Transcribe all of the data exactly. Omit the pictures.

═══ Data supplied ═══

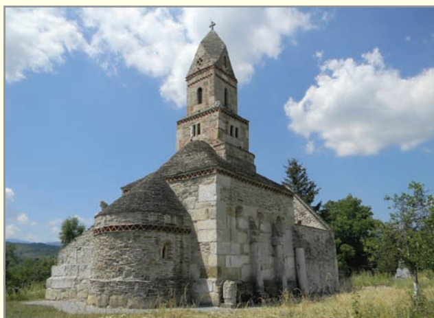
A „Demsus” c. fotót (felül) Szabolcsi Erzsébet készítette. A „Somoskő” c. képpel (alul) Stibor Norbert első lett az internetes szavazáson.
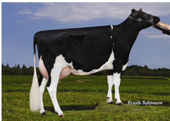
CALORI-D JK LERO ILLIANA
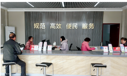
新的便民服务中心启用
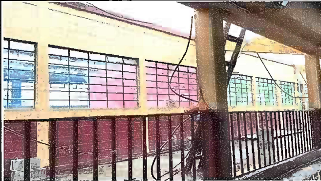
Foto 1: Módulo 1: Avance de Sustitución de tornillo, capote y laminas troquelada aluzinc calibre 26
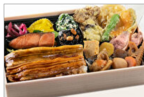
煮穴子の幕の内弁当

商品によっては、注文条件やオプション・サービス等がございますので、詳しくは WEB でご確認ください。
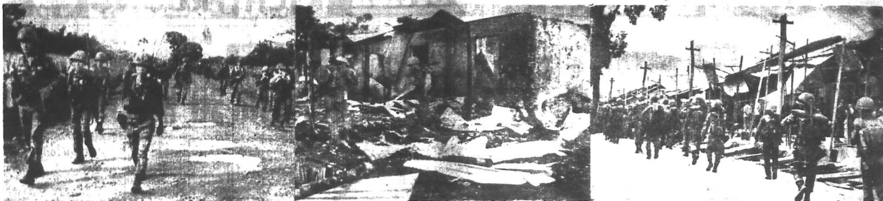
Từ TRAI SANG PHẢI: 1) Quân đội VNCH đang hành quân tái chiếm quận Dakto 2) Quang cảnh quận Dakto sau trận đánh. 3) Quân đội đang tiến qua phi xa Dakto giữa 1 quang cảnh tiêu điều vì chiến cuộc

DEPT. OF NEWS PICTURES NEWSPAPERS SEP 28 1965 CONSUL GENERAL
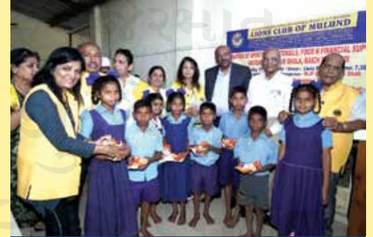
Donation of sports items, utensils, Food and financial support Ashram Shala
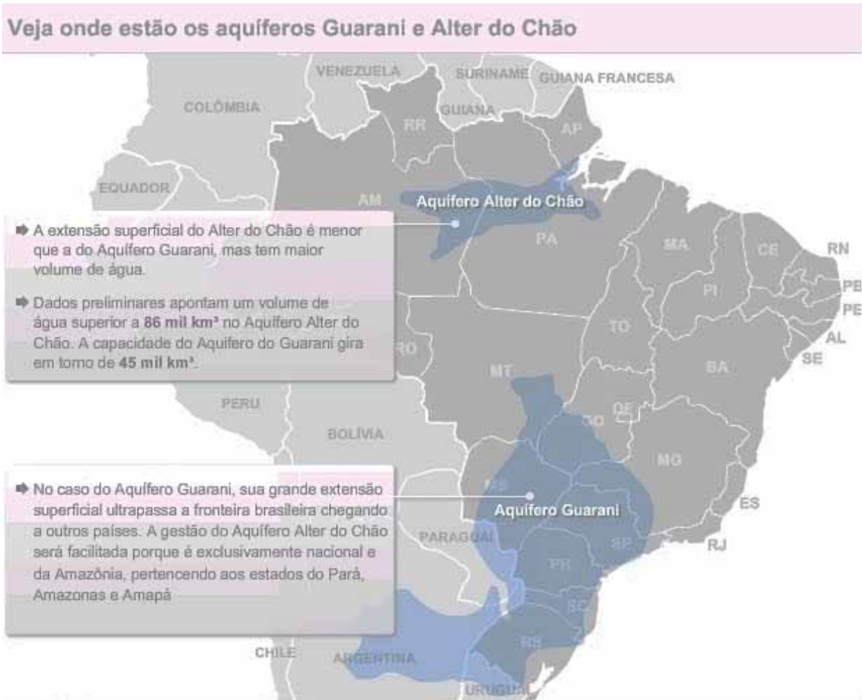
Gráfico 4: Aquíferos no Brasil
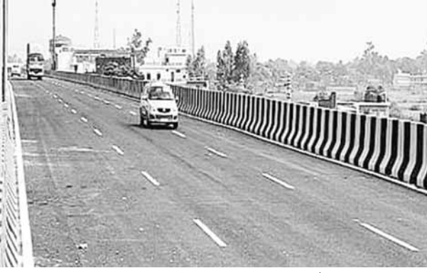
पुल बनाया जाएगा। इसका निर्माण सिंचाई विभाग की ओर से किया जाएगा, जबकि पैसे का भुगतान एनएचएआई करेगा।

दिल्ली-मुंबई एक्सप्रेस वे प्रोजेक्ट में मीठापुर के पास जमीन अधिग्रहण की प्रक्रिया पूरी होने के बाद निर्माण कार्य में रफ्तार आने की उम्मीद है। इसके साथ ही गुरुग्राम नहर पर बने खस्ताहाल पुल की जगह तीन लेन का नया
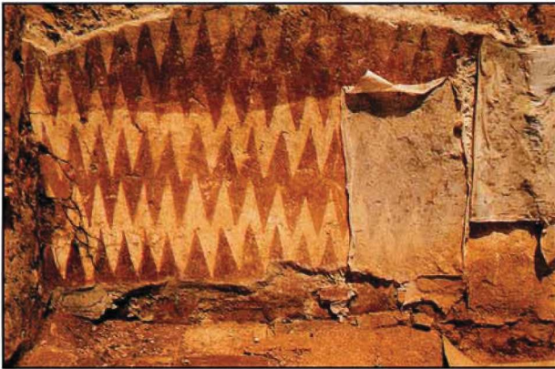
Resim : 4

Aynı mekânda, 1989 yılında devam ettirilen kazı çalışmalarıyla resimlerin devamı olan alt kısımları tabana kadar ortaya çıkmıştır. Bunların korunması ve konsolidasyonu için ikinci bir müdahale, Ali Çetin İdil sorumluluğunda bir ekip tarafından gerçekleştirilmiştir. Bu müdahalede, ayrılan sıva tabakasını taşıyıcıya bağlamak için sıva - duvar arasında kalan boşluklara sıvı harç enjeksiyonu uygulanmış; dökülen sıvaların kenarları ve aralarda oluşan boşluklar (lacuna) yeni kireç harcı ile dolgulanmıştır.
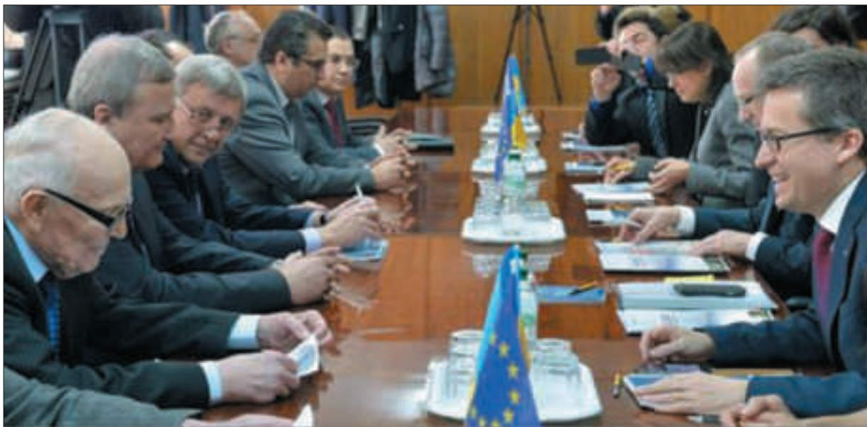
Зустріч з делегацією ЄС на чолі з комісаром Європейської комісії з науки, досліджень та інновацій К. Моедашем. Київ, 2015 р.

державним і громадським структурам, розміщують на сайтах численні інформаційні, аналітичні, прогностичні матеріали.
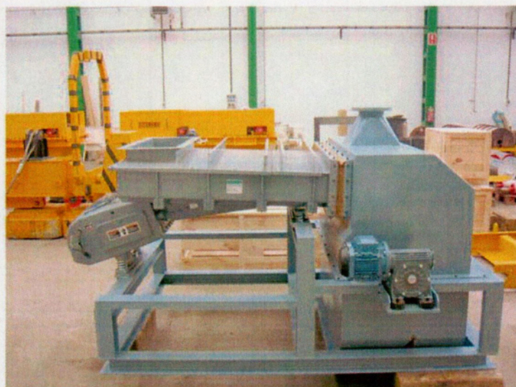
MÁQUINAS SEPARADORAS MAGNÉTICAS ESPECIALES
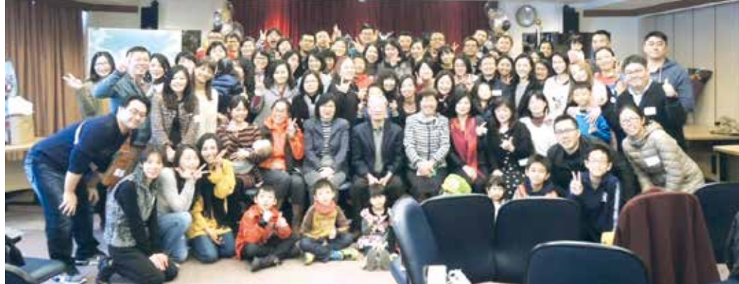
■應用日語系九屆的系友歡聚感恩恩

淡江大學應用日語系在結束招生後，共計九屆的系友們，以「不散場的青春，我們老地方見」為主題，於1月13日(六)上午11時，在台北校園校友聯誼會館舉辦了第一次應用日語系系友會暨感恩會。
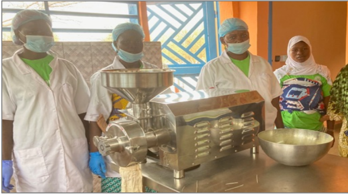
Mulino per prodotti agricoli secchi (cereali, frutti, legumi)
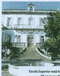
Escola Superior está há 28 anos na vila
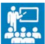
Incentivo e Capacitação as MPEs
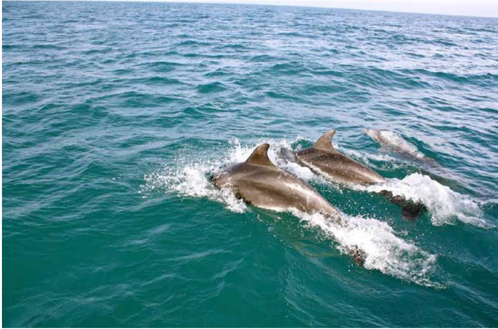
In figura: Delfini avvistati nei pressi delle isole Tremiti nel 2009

═══

— Response to this task —
A „Demsus” c. fotót (felül) Szabolcsi Erzsébet készítette. A „Somoskő” c. képpel (alul) Stibor Norbert első lett az internetes szavazáson.
CALORI-D JK LERO ILLIANA
新的便民服务中心启用
Foto 1: Módulo 1: Avance de Sustitución de tornillo, capote y laminas troquelada aluzinc calibre 26
煮穴子の幕の内弁当

商品によっては、注文条件やオプション・サービス等がございますので、詳しくは WEB でご確認ください。
Từ TRAI SANG PHẢI: 1) Quân đội VNCH đang hành quân tái chiếm quận Dakto 2) Quang cảnh quận Dakto sau trận đánh. 3) Quân đội đang tiến qua phi xa Dakto giữa 1 quang cảnh tiêu điều vì chiến cuộc

DEPT. OF NEWS PICTURES NEWSPAPERS SEP 28 1965 CONSUL GENERAL
Donation of sports items, utensils, Food and financial support Ashram Shala
Gráfico 4: Aquíferos no Brasil
पुल बनाया जाएगा। इसका निर्माण सिंचाई विभाग की ओर से किया जाएगा, जबकि पैसे का भुगतान एनएचएआई करेगा।

दिल्ली-मुंबई एक्सप्रेस वे प्रोजेक्ट में मीठापुर के पास जमीन अधिग्रहण की प्रक्रिया पूरी होने के बाद निर्माण कार्य में रफ्तार आने की उम्मीद है। इसके साथ ही गुरुग्राम नहर पर बने खस्ताहाल पुल की जगह तीन लेन का नया
Resim : 4

Aynı mekânda, 1989 yılında devam ettirilen kazı çalışmalarıyla resimlerin devamı olan alt kısımları tabana kadar ortaya çıkmıştır. Bunların korunması ve konsolidasyonu için ikinci bir müdahale, Ali Çetin İdil sorumluluğunda bir ekip tarafından gerçekleştirilmiştir. Bu müdahalede, ayrılan sıva tabakasını taşıyıcıya bağlamak için sıva - duvar arasında kalan boşluklara sıvı harç enjeksiyonu uygulanmış; dökülen sıvaların kenarları ve aralarda oluşan boşluklar (lacuna) yeni kireç harcı ile dolgulanmıştır.
Зустріч з делегацією ЄС на чолі з комісаром Європейської комісії з науки, досліджень та інновацій К. Моедашем. Київ, 2015 р.

державним і громадським структурам, розміщують на сайтах численні інформаційні, аналітичні, прогностичні матеріали.
MÁQUINAS SEPARADORAS MAGNÉTICAS ESPECIALES
■應用日語系九屆的系友歡聚感恩恩

淡江大學應用日語系在結束招生後，共計九屆的系友們，以「不散場的青春，我們老地方見」為主題，於1月13日(六)上午11時，在台北校園校友聯誼會館舉辦了第一次應用日語系系友會暨感恩會。
Mulino per prodotti agricoli secchi (cereali, frutti, legumi)
Escola Superior está há 28 anos na vila
Incentivo e Capacitação as MPEs
In figura: Delfini avvistati nei pressi delle isole Tremiti nel 2009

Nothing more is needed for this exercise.